Er blickte in den Baum hinauf, in dessen Ästen er den kleinen Freund erblickte. Nun hatte er wieder ein! Was sollte er jetzt damit anfangen? Wenn er sie verkaufte, müsste er sein Lebtag nicht mehr arbeiten. Einen warmen Ofen, Suppe, nicht gegrilltes, Kartoffelpüree wie früher zu Hause in seiner Kindheit. Aber würde man ihn nicht fragen, woher das kommt? Wie sollte er das erklären? Tagelang dachte er darüber nach, wollte auch das großzügige Tierchen im Baum fragen, doch dieses ließ sich nicht blicken, sondern ließ ihn mit seinem Problem allein.

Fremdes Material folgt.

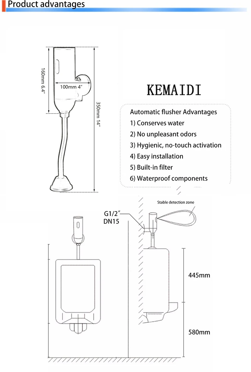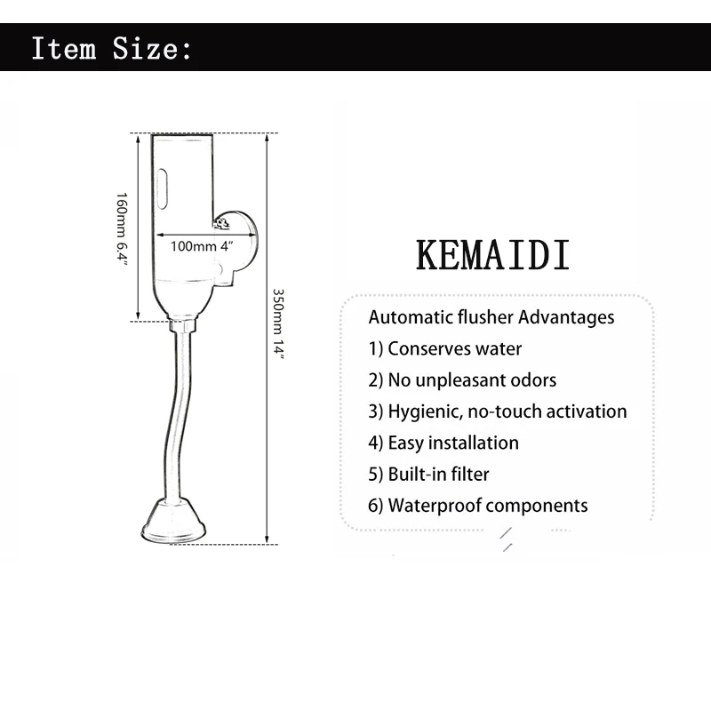 Добро пожаловать в мой официальныйМагазин: Характеристика: •Тип: oilet автоматический сливной клапан датчик писсуар кран •Уникальный бренд KEMAIDI •Способ установки: настенный •Есть 3 цвета на ваш выбор •Хромированная отделка и Золотой/матовый черный/розовое золото •Материал: латунь •В комплекте со всеми аксессуарами •Легко чистить. Может быть очищен мягким мылом, чтобы обеспечить безтарнический блеск жизни •Поставляется с 24 месячной гарантией производства Что в коробке: 1 * Весь товар Все детали для установки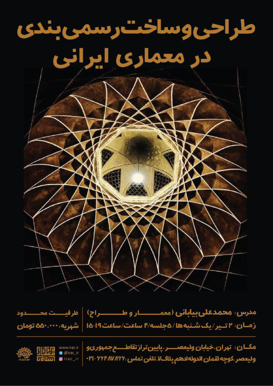 به گزارش روابط عمومی مرکز تجسمی حوزه هنری، مرکز معماری اسلامی کارگاه «طراحی و ساخت رسمیبندی در معماری ایرانی» را با مدرسی محمدعلی بیابانی برگزار میکند.

Umso mehr er darüber nachdachte, desto mehr kam ihm die Überzeugung, dass er die Frucht entweder einpflanzen oder wegwerfen sollte. Um ein ähnliches Problem für die Zukunft zu vermeiden, warf er sie weg. Wie erstaunt war er, als zwanzig Jahre später ein Eichhörnchen kam, und ihm eine neue Frucht in die Tasche steckte.